So, with the level of knowledge that you have, how concerned are you about a future robot uprising?
Bernie Su: Um, well so there are kind of a little different levels of this. I think I would have to give credit to Tom about this one because he’s kind of, you know, kind of grilled it down in me because we asked him a very similar question.
So, the physical part of it. So you have the physical parts of, you know, “robots”, right? So, the humanoid level. So on the humanoid level, we’re not at a point really where we have really strong humanoid AI, right? Like, those are the physical robots. They look like humans and you know, I mean, they’re kind of there, but they’re not really right. Like, we’ve seen that guy in Japan who built himself this girl, Sophia. We’ve seen what they are out there and, you know, physically, they’re not quite there. But we know that, we can see that they’re in the uncanny valley still, right?
Bernie Su: Okay, so that’s one area, then you could lead it to your question about a robot uprising, then you have these things that are real robots, like cars and drones. You know, clearly robot. Could they be flown by AI? Could it be termed AI? We’re kind of in that area too. Whether they will “uprise” that’s the sentience conversation, that’s another level, which I’m not really quite there. I think the area where I think where it’s really scary actually is the virtual.
So the virtual human that you don’t need to physically see. But you see, you hear their voice, and you see them on a video. You know? The deep state technologies, stuff like that, that area. That’s very scary to me.
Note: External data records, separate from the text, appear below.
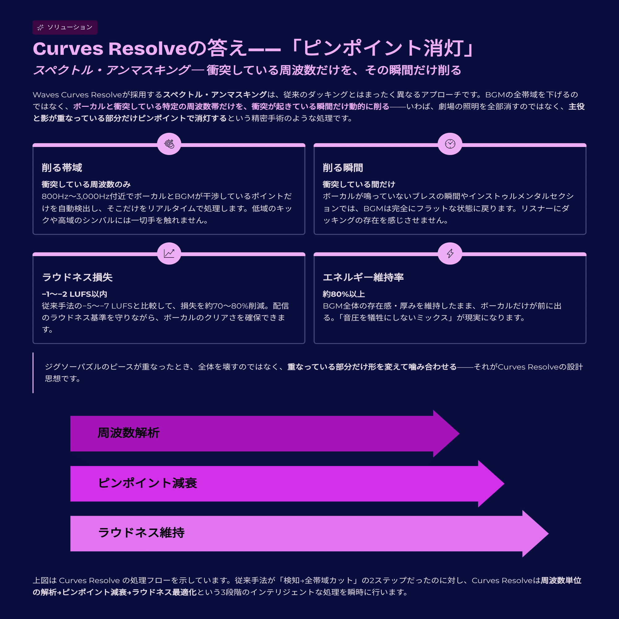 Curves Resolveは、ボーカルとBGMの周波数分布をリアルタイムで比較し、
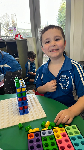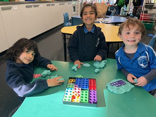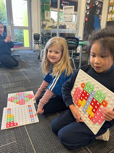 While the teachers have been working with small groups, the Tamariki have been enjoying matching the Numicon shapes on the peg boards and counting each shape, making Numicon sandwiches by using the pegs and then counting how many pegs have been used.
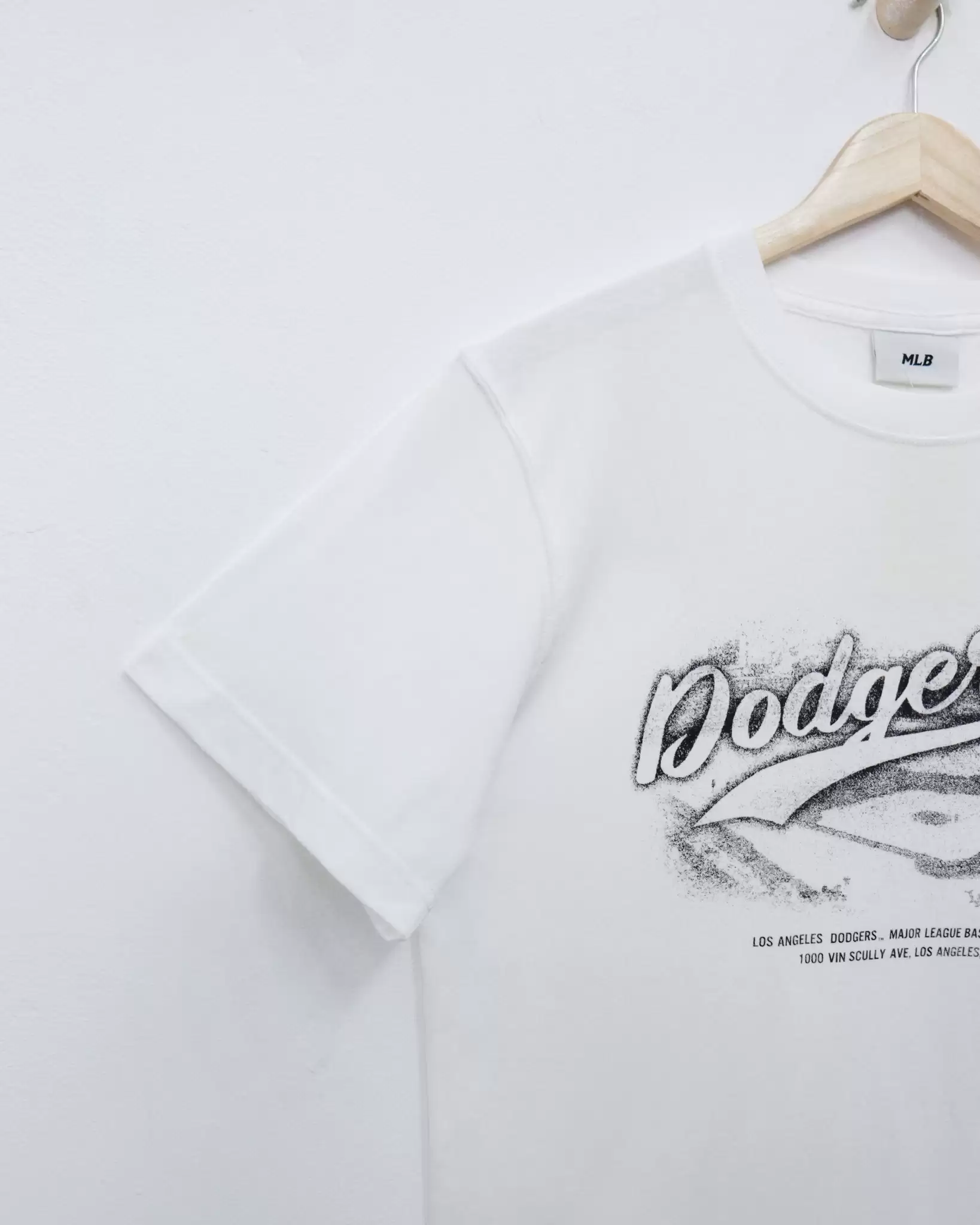 Áo thun MLB, cổ tròn tay ngắn chữ LA trắng
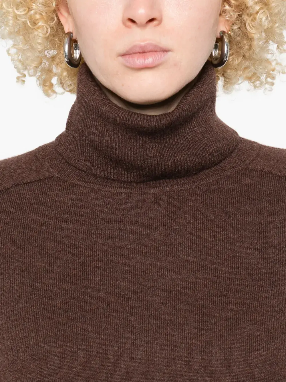 Коричневый воротник-водолазка длинные рукава прямой подол
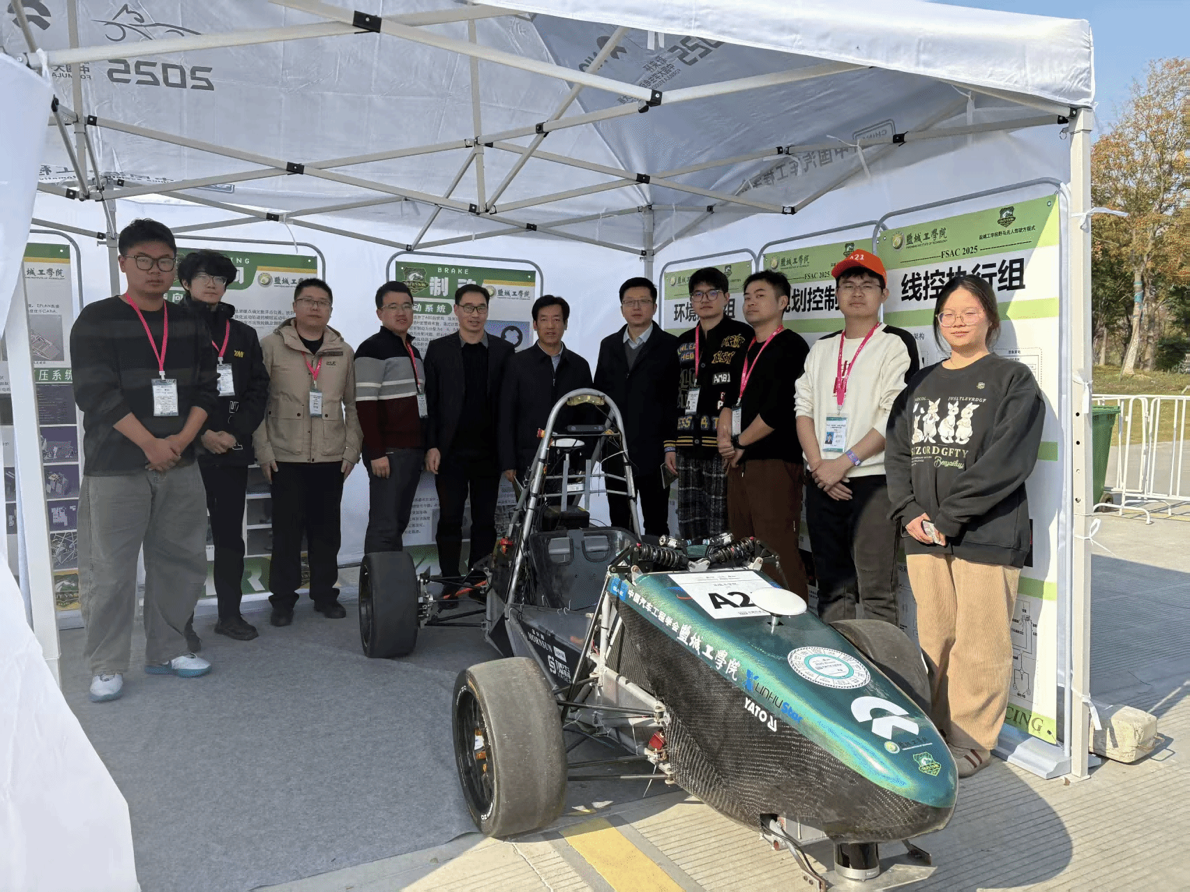 11月17日-23日,由中国科学技术协会指导、中国汽车工程学会与合肥市人民政府共同主办的2025“蔚来杯”中国大学生方程式系列赛事圆满落下帷幕。来自清华大学、吉林大学、同济大学、香港理工大学等国内外高校的82支电动车队和35支无人驾驶车队齐聚合肥,展开为期七天的精彩角逐。在这场汇聚百余支顶尖高校车队的高水平竞赛中,我校方程式赛车队以扎实的技术实力和“敢拼敢赢、精益求精”的信念迎难而上,续写辉煌篇章。最终,车队荣获中国大学生无人驾驶方程式大赛总成绩三等奖、中国大学生电动方程式大赛总成绩三等奖,指导教师获评“优秀指导教师”称号。

Scary in the sense that, because they’re the furthest along there to fake that it’s real, you know? The deep fake technology, as if you’ve seen, is pretty strong.
Bernie Su: It’s not quite there, but it’s really close. Right? And, and yeah, the idea that they’re going to be at a point where they can take a sample of you and your voice and be able to, you know, to generate words that we say and make it sound like our voice. That’s closer than we think it is and that is inherently scary. You know? So yeah, that’s my that’s my answer.
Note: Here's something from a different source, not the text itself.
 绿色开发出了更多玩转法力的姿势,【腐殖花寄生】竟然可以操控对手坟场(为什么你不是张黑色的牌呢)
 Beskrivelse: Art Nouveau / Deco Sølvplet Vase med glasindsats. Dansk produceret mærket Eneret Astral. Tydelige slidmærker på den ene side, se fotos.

So, along the same lines, I’m sure you’re probably familiar with, like Isaac Asimov and his three laws of robotics and Data from Star Trek, who was very similar to Sophie in his quest to become human. So, in your opinion, with where AI is now, do you think Matt should have programmed some sort of fail safe, like the three laws into Sophie? Or do you think that would have completely countermanded the idea of a robot that would essentially be human by not having free will?
Bernie Su: So that’s a tough one. I mean, he didn’t put in the three laws of robotics. That’s what he didn’t do. So, should he have done that? I mean, that’s a coulda, woulda, shoulda. But that’s all based on mission. So, there’s, there’s a lot of I mean, this is the sci-fi writer in me. So, it’s kind of saying, okay, and this is actually in the show in kind of subtle forms.
So, okay, let’s make an AI being humanoid and try to make them feel human, be human. That’s what Matt does with Sophie. Okay. It doesn’t follow the three laws of robotics, like, not at all, it’s kind of there, but he didn’t, he didn’t put it there. It’s trying to be human. So, it’s freewill and sentience and having its own thing, so there’s that version of it. Then, of course, there’s Asimov’s three laws of robotics, which is more of that the robots are always kind of our servants in a way or our, you know, they obey us no matter what. That’s what the three laws of robotics are, it’s like a hawk, I believe.
Wait. . . Yeah. So that is very different than freewill reaction. Okay. So in that area, that’s like, very contrasting and then the kind of different area that we kind of looked for in the [Artificial] show is and my personal favorite versions of AI sci-fi is consciousness. Like what is consciousness? You know? Is consciousness a combination our memories and our experiences and in this we are conscious, or is consciousness something different or higher than that?
Like, you know, they say, like what’s with a soul? Right? Like, what is the soul? What does that really mean right? So sure, there are different completely different versions of it through religion and faith and all that stuff. But there isn’t really a scientific like, like, “Oh, I have captured her soul.” Like that doesn’t really have a meaning there or “I have copied her soul.”
Though there’s different areas of this and I think it’s fine. I think they go either way here. Because, if you were, if you’re following current AI and the current level of progression in the technology, you could kind of go all three ways here.
Now, like, you could say, “Oh, I’m going to create a robot that follows Asimov’s three laws”, which is fine. You can go the “I’m gonna try to create sentience and achieve AGI and super intelligence and all stuff”, that’s fine. Or you can try to create consciousness, which is kind of a different thing, because consciousness theoretically means that if you can capture that, then you can also download it, you know, so I think they covered this in the current season of Westworld a little bit.
Bernie Su: The idea is that you’re, you could take your consciousness from your body and put it into another, you know, “artificial body” and you’d be like, “ah, I am now in the body of this humanoid AI and I don’t fall under the rules of human biology and the poop and eat and stuff”, you know, so that’s a different kind of theory as well.